◆ **What is being asked**
For the entries below, the expected answer is the line with "Sumber: www.slideshare.net |", the line with "- 관리자 권한으로 명령", and every line between them, exactly as written, and nothing more.

◆ **Given records**
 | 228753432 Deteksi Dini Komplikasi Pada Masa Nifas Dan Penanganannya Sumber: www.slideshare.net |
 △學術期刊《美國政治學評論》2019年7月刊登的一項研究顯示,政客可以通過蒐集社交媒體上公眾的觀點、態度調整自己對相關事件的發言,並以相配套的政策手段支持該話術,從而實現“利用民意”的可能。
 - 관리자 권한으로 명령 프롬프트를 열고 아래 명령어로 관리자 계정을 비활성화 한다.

--

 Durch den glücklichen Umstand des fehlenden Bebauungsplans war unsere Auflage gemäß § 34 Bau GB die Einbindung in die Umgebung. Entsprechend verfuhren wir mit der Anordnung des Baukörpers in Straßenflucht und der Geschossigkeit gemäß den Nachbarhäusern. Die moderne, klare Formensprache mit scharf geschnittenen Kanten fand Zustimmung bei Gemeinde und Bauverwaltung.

◆ **Answer box**
 | 228753432 Deteksi Dini Komplikasi Pada Masa Nifas Dan Penanganannya Sumber: www.slideshare.net |
 △學術期刊《美國政治學評論》2019年7月刊登的一項研究顯示,政客可以通過蒐集社交媒體上公眾的觀點、態度調整自己對相關事件的發言,並以相配套的政策手段支持該話術,從而實現“利用民意”的可能。
 - 관리자 권한으로 명령 프롬프트를 열고 아래 명령어로 관리자 계정을 비활성화 한다.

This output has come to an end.